Crawford knows her brains - she studies the social and political implications of artificial intelligence, is a research professor of communication and science and technology studies at the University of Southern California and a senior principal researcher at Microsoft Research. She has just penned a new book Atlas of AI, looks at what it takes to make AI and what's at stake as it reshapes our world.
She said that AI is neither artificial nor intelligent. It is made from natural resources, and it is people who are performing the tasks to make the systems appear autonomous.
Crawford said that one of the issues of AI is “bias” which is a very narrow term for the sorts of issues that people are seeing with AI now.
“ Time and again, we see these systems producing errors -- women offered less credit by credit-worthiness algorithms, black faces mislabelled -- and the response has been: "We just need more data." But I've tried to look at these deeper logics of classification and you start to see forms of discrimination, not just when systems are applied, but in how they are built and trained to see the world”, Crawford said.
Training datasets used for machine learning software that casually categorise people into just one of two genders; that label people according to their skin colour into one of five racial categories, and which attempt, based on how people look, to assign moral or ethical character. The idea that you can make these determinations based on appearance has a dark past and unfortunately, the politics of classification has become baked into the substrates of AI.

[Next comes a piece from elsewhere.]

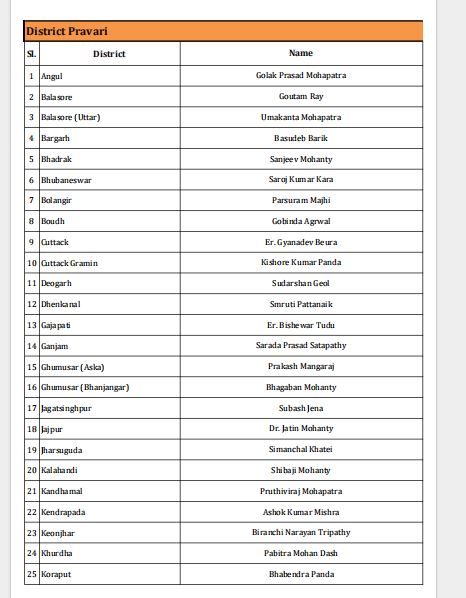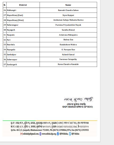 ଭୁବନେଶ୍ୱର,: ଭାରତୀୟ ଜନତା ପାର୍ଟି(ଭାଜପା) ପକ୍ଷରୁ ମଙ୍ଗଳବାର ବିଭିନ୍ନ ଜିଲା ପାଇଁ ମୋର୍ଚ୍ଚା ସଭାପତି, ଜିଲା ପ୍ରଭାରୀ ଏବଂ ଅନ୍ୟାନ୍ୟ ନାମ ଘୋଷଣା କରାଯାଇଛି। ଅଭିଳାଷ ପଣ୍ଡାଙ୍କୁ ଭାରତୀୟ ଯୁବ ମୋର୍ଚ୍ଚା ସଭାପତି ଏବଂ ଡ. ଐଶ୍ବର୍ଯ୍ୟା ବିଶ୍ବାଳ ମହିଳା ମୋର୍ଚ୍ଚା ସଭାପତି କରାଯାଇଛି। ରାଜ୍ୟ ଭାଜପା ସଭାପତି ମନମୋହନ ସାମଲଙ୍କ ଅନୁମୋଦନ କ୍ରମେ ୭ ଜଣଙ୍କୁ ମୋର୍ଚ୍ଚା ସଭାପତି, ୩ ଜଣଙ୍କୁ ଭାଜପା ସେଲ୍ ଇନ୍ଚାର୍ଜ, ଜଣଙ୍କୁ ଅଫିସ୍ ସେକ୍ରେଟାରୀ, ଜଣଙ୍କୁ ଆଇଟି ଦାୟିତ୍ୱ ଏବଂ ୩୭ ଜଣଙ୍କୁ ବିଭିନ୍ନ ଜିଲାର ପ୍ରଭାରୀ ଭାବେ ଦାୟିତ୍ୱ ଦିଆଯାଇଛି।

Crawford says that AI ethics were necessary, but not sufficient. She thinks it is better to focus on who benefits and who is harmed by this AI system? And does it put power in the hands of the already powerful?
“What we see time and again, from facial recognition to tracking and surveillance in workplaces, is these systems are empowering already powerful institutions -- corporations, militaries and police”, she said.
Crawford said there needs to be stronger regulatory regimes and greater rigour and responsibility around how training datasets are constructed.
“We also need different voices in these debates -- including people who are seeing and living with the downsides of these systems. And we need a renewed politics of refusal that challenges the narrative that just because a technology can be built it should be deployed”, Crawford said.